2.5 Utilizing the nomogram
To improve the practicability of our model, we established a nomogram of 1-year, 3-year and 5-year survival probability based on our model (Fig. 3). The nomogram consisted of eleven rows. The first “points” row was the point assignment for each variable. For an individual patient, each variable (rows 2–7) was assigned a point value by drawing a vertical line between the exact variable value and the first “points” row. Subsequently, the total points could be obtained by summing all of the allotted points for the six variables (rows 2–7). The total point sum was found in the ‘‘total points’’ row. Finally, the 1-, 3-, and 5-year survival probability could be predicted by drawing a vertical line between the ‘‘total points’’ row and the “predicted probability” rows (rows 9–11, respectively).
2.6 Model discrimination and calibration
As expected, this extended Cox prognostic model showed good discrimination. Figure 4 shows the ROC curves for BCSM at 1 year, 3 years, and 5 years postoperatively.

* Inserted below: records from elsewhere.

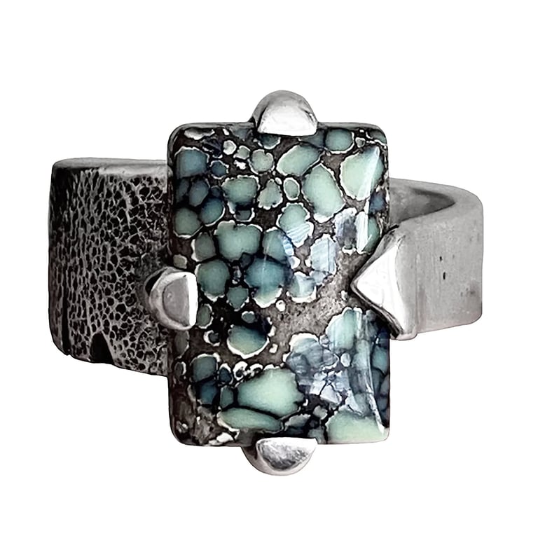 For some pieces, the journey extends to the lapidary arts, where I meticulously cut and shape gemstones, which adds a layer of complexity and uniqueness to my work. These particular gems are called Poseidon Variscite.
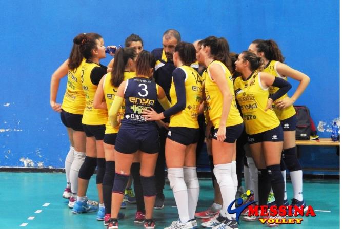 Il Team Volley si porta sul set point (15-24), ma Biancuzzo e capitan Scimone ne annullano due. Il punto di Pilar porta il match sul 2-0 (17-25) per il Team Volley. Biancuzzo e due punti di Mondello aprono il terzo a favore delle padrone di casa (6-3). La pipe di Pilar riduce il gap a -1 (6-5) ed il punto di Marra trova il +3 di casa (10-7). Il Team Volley chiama il time-out e Biancuzzo piazza il +4 (13-9) per il Messina Volley. Le ospiti trovano il break necessario che gli consente di portarsi a -1 (14-13), ma la fast di Mondello fissa il +3 (18-15). Ferrara chiede il secondo time-out ed al rientro il pallonetto di Cannizzaro allunga a +4 (20-16). Il Messina Volley allunga ulteriormente con l’ace di Marra (+6; 22-16). Il punto di capitan Scimone segna il set-point (24-18) con Recupero e Scilipoti ad annullarne due (24-20). Cacopardo chiama la pausa, ma al rientro il Team Volley accorcia ulteriormente (-3; 24-21). Il muro di Scimone chiude il parziale a favore della squadra di casa (25-21). Il set successivo si apre con un break ospite di +4 (0-4) con Scilipoti e Pilar a segno. Martina Millo allunga a +6 (1-7) con Cacopardo a chiamare time-out. Al rientro l’ace di Pilar trova il +7 (1-8), mentre la pipe di Mondello e il muro di Scimone accorciano per la squadra di casa (-5; 3-8). Più avanti sempre Mondello e Scimone, con l’aggiunta del punto di Marra, portano a -3 (8-11) la squadra di casa con Ferrara a chiedere la pausa. Al rientro ancora Marra e Mondello tracciano il -1 (10-11), ma Recupero sigla il punto che riporta a +4 le ospiti (10-14) con Cacopardo a chiedere time-out. Sempre Recupero con un ace allunga a+6 (10-16) ed un altro ace di Clara D’Arrigo, con il punto di Millo, danno il +8 (12-20) al Team Volley. Il Messina Volley reagisce e piazza un break di 4 punti che gli consente di accorciare a -4 (17-21) grazie a Cannizzaro, la pipe di Mondello, Scimone e Biancuzzo. Ferrara chiama il secondo time-out che risulta positivo per le sue giocatrici visto che si riportano a +6 (17-23) grazie a due spunti di Scilipoti. Le padrone di casa realizzano un altro break e si portano a -3 (20-23), con il Team Volley a siglare il 24-20. Le locali annullano tre set-point, portandosi con Mondello a -1 (23-24). Il punto di Recupero chiude parziale e partita (23-25). Nel prossimo turno il Messina Volley osserverà il turno di riposo vista la rinuncia del Paternò, mentre il Team Volley affronterà in casa il Volley ’96.
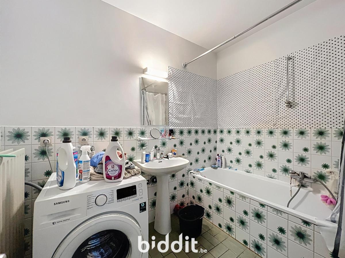 * Appartement 00.01 (gelijkvloerse verdieping): indeling: leefruimte met open keuken - 2 slaapkamers en badkamer met douche en enkele wastafel - tuin (actuele huurprijs: € 581,40/maand) - EPC: label C = 240 kWh/m² jaar.
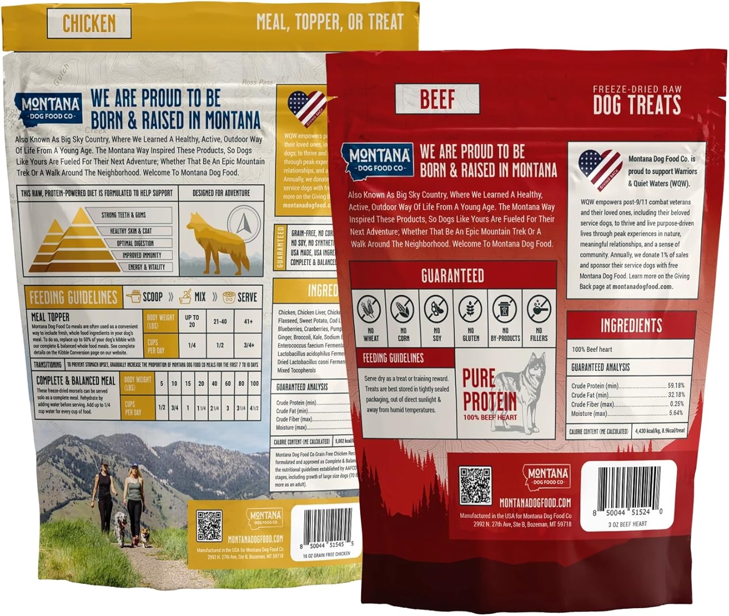 This Montana Dog Food Co. bundle includes our Chicken Freeze-Dried Raw Dog Food (16 oz) paired with single-ingredient Beef Training Snacks. Crafted with USA-sourced ingredients, this convenient bundle provides complete nutrition and healthy, protein-packed treats perfect for training, rewarding, or everyday feeding.

The AUCs for BCSM at 1 year, 3 years, and 5 years postoperatively are shown in Table VI. The AUC values for BCSM at 1 year, 3 years and 5 years postoperatively were all larger than 0.80. The AUC value for BCSM at 3 years postoperation was as high as 0.94, with a 95% CI from 0.89 to 0.99. Therefore, our extended Cox prognostic model showed good discrimination.
The extended Cox prognostic model was also well calibrated by the GOF test [21]. We grouped the risk scores into 10 groups and then calculated the GOF statistic 7.37, with a P-value of 0.6 (> 0.05) [22]. These results indicated that our extended Cox prognostic model fit was good.